Session Title: Medical Cornea & Biomechanics

Session Date/Time: Sunday 23/09/2018 | 08:00-10:00

Paper Time: 08:24

Venue: Room A3, Podium 3

First Author: : R. Mather CANADA

Co Author(s): :    M. Malvankar-Mehta   N. Au   A. To              

Abstract Details

Purpose:

To summarize and quantitatively evaluate sleep outcomes of Dry Eye Disease (DED) patients.

Setting:

Western University, Ivey Eye Institute, London, Ontario, Canada

Methods:

A systematic review and meta-analysis. PARTICIPANTS: DED patients included individuals with dry eye symptoms or primary Sjogren’s Syndrome (pSS). Controls were healthy, non-pSS or non-DED patients.

Methods:

A systematic search of MEDLINE, EMBASE, PsycINFO and grey literature was conducted. Studies were screened using Covidence systematic review software. Outcomes included: sleep quality, duration, daytime sleepiness, prevalence/incidence/severity of sleep disorders, and sleep disturbances. Meta-analysis was conducted using STATA 13.0. The weighted mean difference (WMD) was calculated as the effect size for continuous scale outcomes.
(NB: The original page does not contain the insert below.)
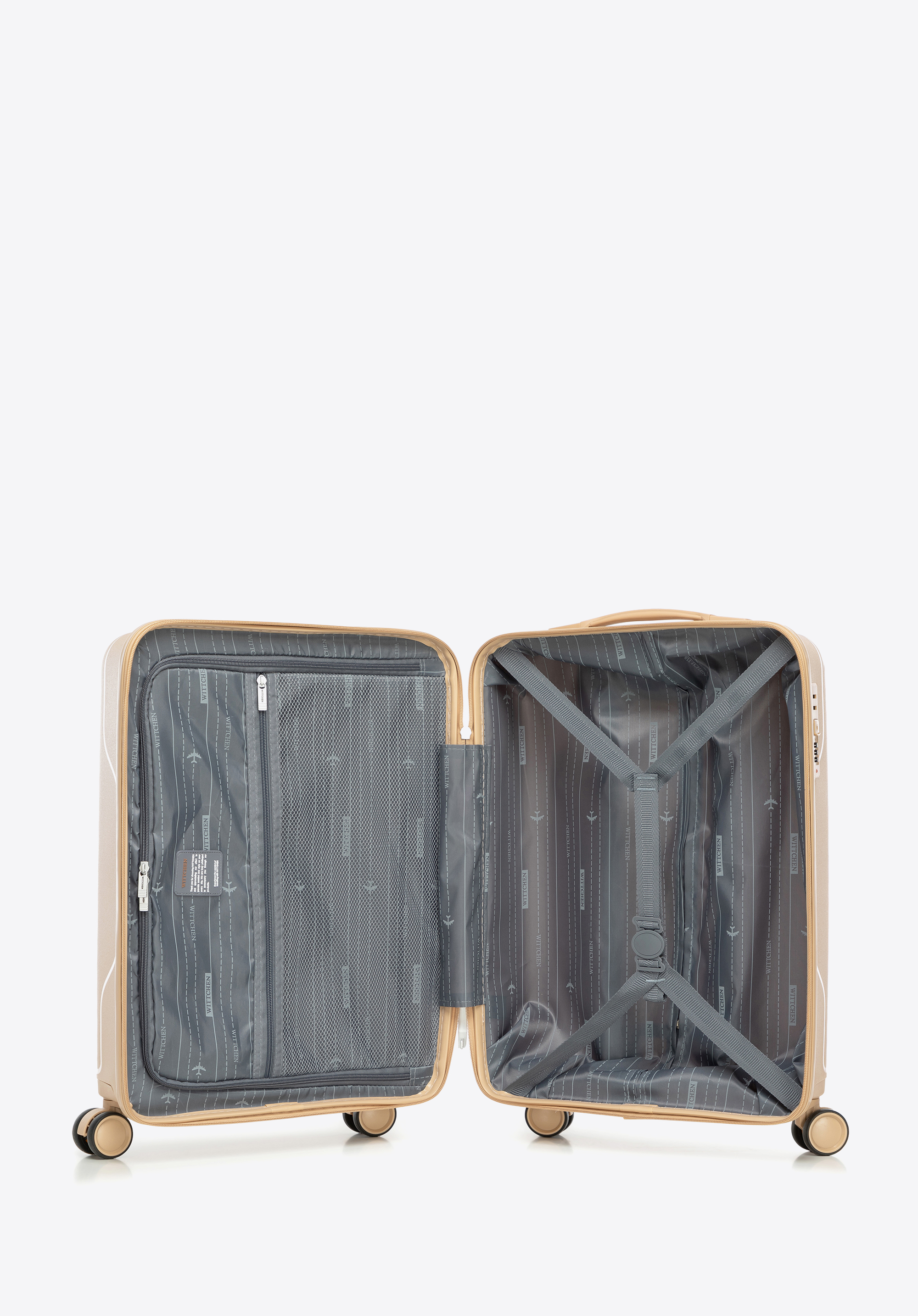 Malý polypropylénový kufor s diagonálnym vzorom - béžový

Random effects models were developed based on the presence of heterogeneity.

Results:

Seventeen full-text articles (16,370 subjects) and three conference abstracts (572,163 subjects) were included. Compared to controls, DED patients score higher on the Pittsburgh Sleep Quality Index (WMD = 1.69, 95% CI: [0.82, 2.56]; 2=88.8%, p<0.001) and Epworth Sleepiness Scale (WMD = 2.26, 95% CI: [0.96, 3.56]; I2 = 82.4%, p<0.001). Additionally, DED patients spend less time asleep (WMD = -0.59 hours, 95% CI: [-0.94, -0.24]; I2 = 85.1%, p<0.001), experience more sleep disturbances, and may have increased prevalence, incidence, severity of sleep disorders.

Conclusions:

CONCLUSION: DED patients may have poorer sleep quality, greater daytime sleepiness, less sleep, more sleep disturbances, increased prevalence, incidence, and severity of sleep disorders compared to non-DED patients. Further research is needed to identify potential causes of these outcomes given the paucity and heterogeneity of studies. It may be worthwhile to consider sleep in the clinical management of DED.